If you ever questioned the need for identity theft protection read on. Following a major hack at software vendor Adobe, one of the first things the company did is to offer free credit protection for customers who had their details stolen.
Three million customer records hacked from Adobe
You’ve probably heard of Adobe. It produces a range of ‘creative’ software tools that people use for design. It’s also used to read PDF files. Last week Adobe declared that its network had been hacked and almost 3 million customer records removed from its servers.
This information hacked included customer names, encrypted credit and debit card numbers, expiration dates and other information used in customer orders. The company said it did not believe that unencrypted customer data had been hacked.
However, without wishing to cast aspersions and as a general point if unencrypted data had been hacked there would surely be waves of panic sweeping through the company and among its customers.
Free credit card monitoring to prevent identity theft
In response to the attack the company is contacting its customers whose data has been compromised with information on how to change their passwords. It’s also notifying customer’s whose card payment details were taken. And in a muted but significant gesture, the company is offering customers one year of free credit monitoring.
Essentially, this is an acknowledgement that some of the stolen credit card information might end up being used or put up for sale on the deep web. The deep web is a part of the internet you can’t access using a normal browser. It offers anonymity and is used for all sorts of things such as NGO organisations operating in ‘hostile’ environments who don’t want their communications tracked.
However, it’s also popular with hackers and there are certainly many deep web sites that offer credit card details for sale. Many vie with each for competition and attempt to entice users by promising ‘fresh’ batches of card information. This usually means personal details that have just been hacked from servers. Sometimes the server owner’s don’t even know it’s happened.
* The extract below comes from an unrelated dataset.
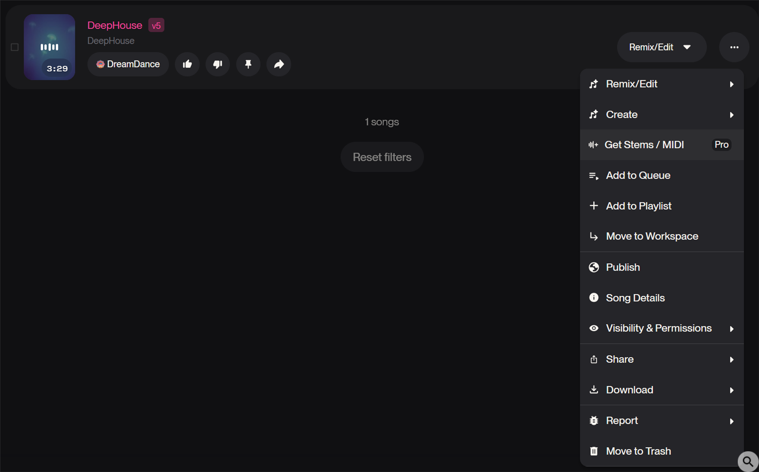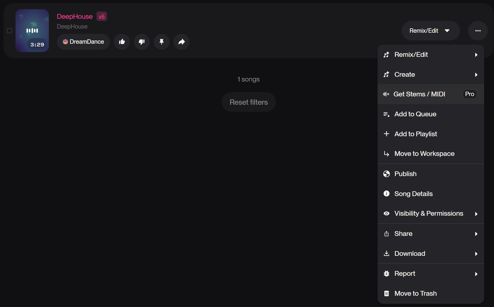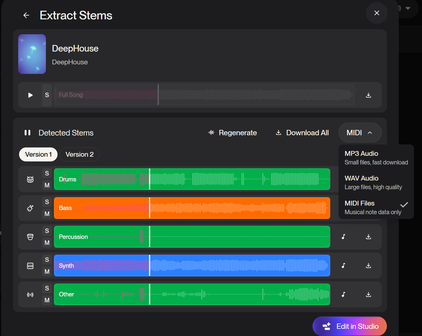 Имея про аккаунт на Suno.com можно вполне делать экспорт в MIDI, но качество распознавания сейчас зависит от простоты мелодии (чем проще, тем лучше), например, есть исходный трек "DeepHouse.mp3", зааттачил для примера: объясняю как сделать экспорт в миди, это даже без студии (studio) можно сделать, жмём три точки, далее выбираем Get Stems/MIDI:

As is often the case when these large scale hackings occur Adobe didn’t want to publicise the fact. The hack was discovered by a security researcher who was exploring the content of a server that is believed to have been used by cyber criminals to store data from other hacks. Adobe data was then discovered.
Can hackers embed malicious code into Adobe software?
When Adobe was informed it said it was aware of the breach and had been investigating it since September 17th this year. As well as losing personal data, there is another potentially very damaging consequence.
The Adobe data discovered on the server was source code for which is essentially the building blocks for software. And apparently some of the source code was for products that have not yet been released.
Commenting on this, one industry observer pointed out that because Adobe is used on millions of computers around the world hackers could potentially embed malicious code into Adobe software and quietly take control of all the computers running that software, which could easily number in the millions.
While this is speculative it’s certainly possible. It also illustrates the scale of fraud that can be carried out by cyber criminals. The internet has radically altered the way we live today presenting all sorts of new opportunities, but it’s also opened up a world of potential for criminals to carry out villainy on an industrial scale.
It also illustrates the need to protect your information with something like BullGuard Identity Protection which essentially monitors the web for your personal information and immediately warns you if your data has been compromised.
You may not be a user of Adobe software but hackers target organisations where they can get the best returns whether it’s a clothes retailer, an online book store or a software vendor.
50% off sale on the deep web
There’s one web site on the deep web that currently offers 50% off products that are being sold on Amazon, whether it’s an Apple Air Book, a smartphone or some high-end camera. How do they do this? Most likely by making the purchases using credit card details hacked from a server or bought on the deep web.